» **INFORMATION SHOWN**
..............................
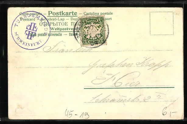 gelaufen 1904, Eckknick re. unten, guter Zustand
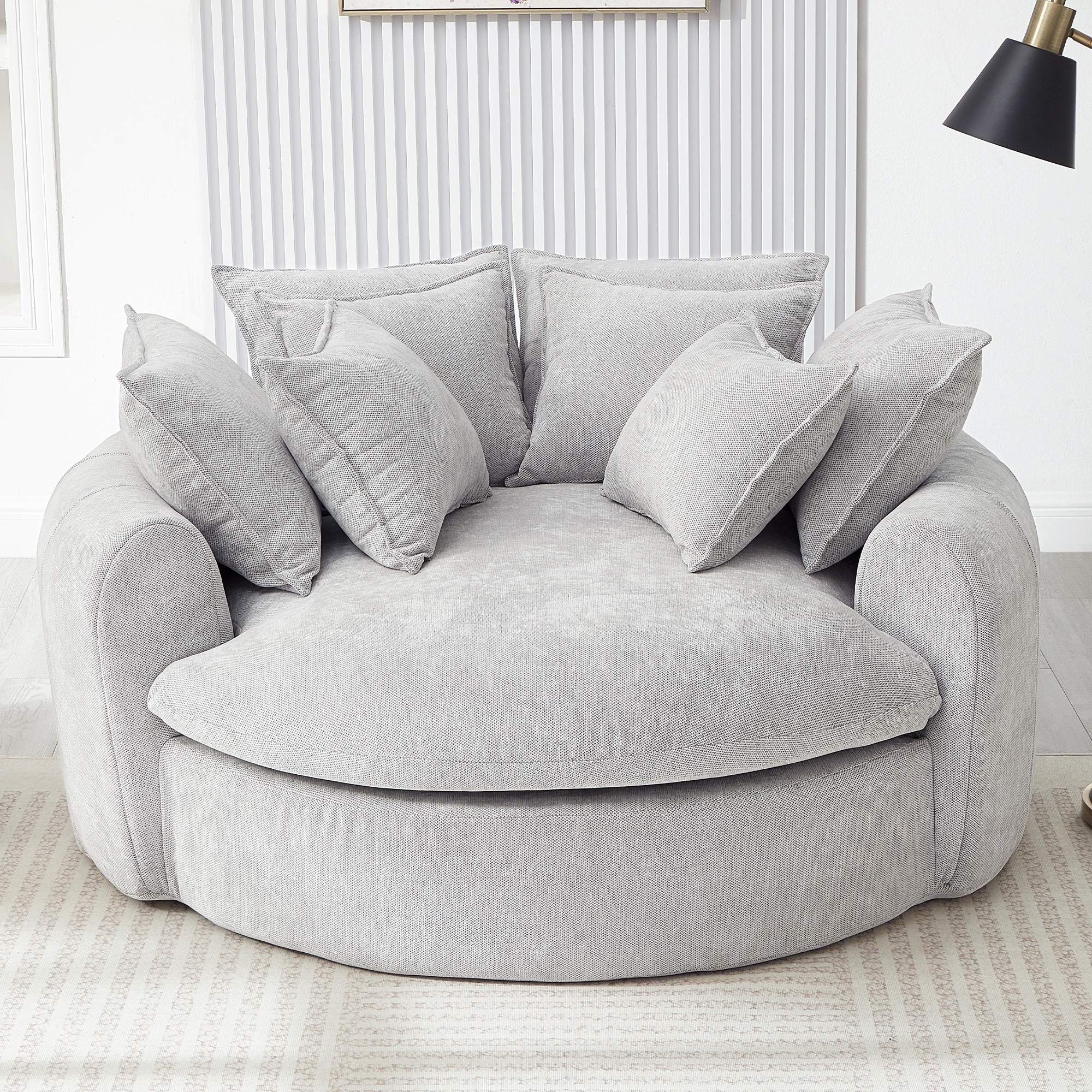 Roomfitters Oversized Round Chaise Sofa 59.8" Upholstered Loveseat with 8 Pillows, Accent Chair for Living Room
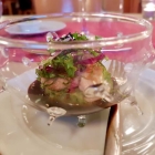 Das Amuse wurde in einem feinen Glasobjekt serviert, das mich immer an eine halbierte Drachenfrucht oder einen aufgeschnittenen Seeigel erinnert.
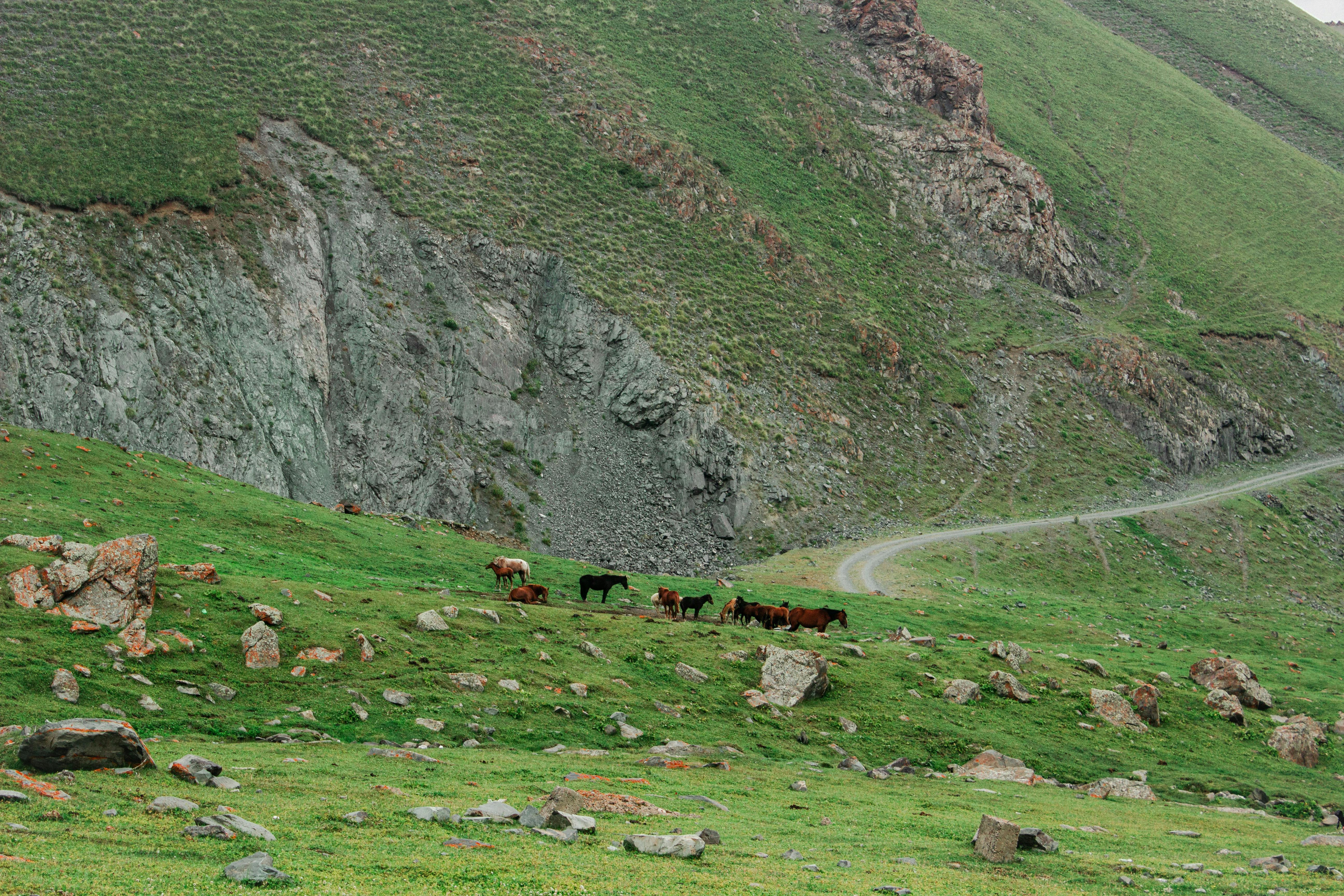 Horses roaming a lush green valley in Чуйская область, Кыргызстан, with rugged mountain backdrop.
..............................
» **YOUR OBJECTIVE**
Could you write out every line above exactly as it stands, with no images?

» **EXERCISE RESPONSE**
 gelaufen 1904, Eckknick re. unten, guter Zustand
 Roomfitters Oversized Round Chaise Sofa 59.8" Upholstered Loveseat with 8 Pillows, Accent Chair for Living Room
 Das Amuse wurde in einem feinen Glasobjekt serviert, das mich immer an eine halbierte Drachenfrucht oder einen aufgeschnittenen Seeigel erinnert.
 Horses roaming a lush green valley in Чуйская область, Кыргызстан, with rugged mountain backdrop.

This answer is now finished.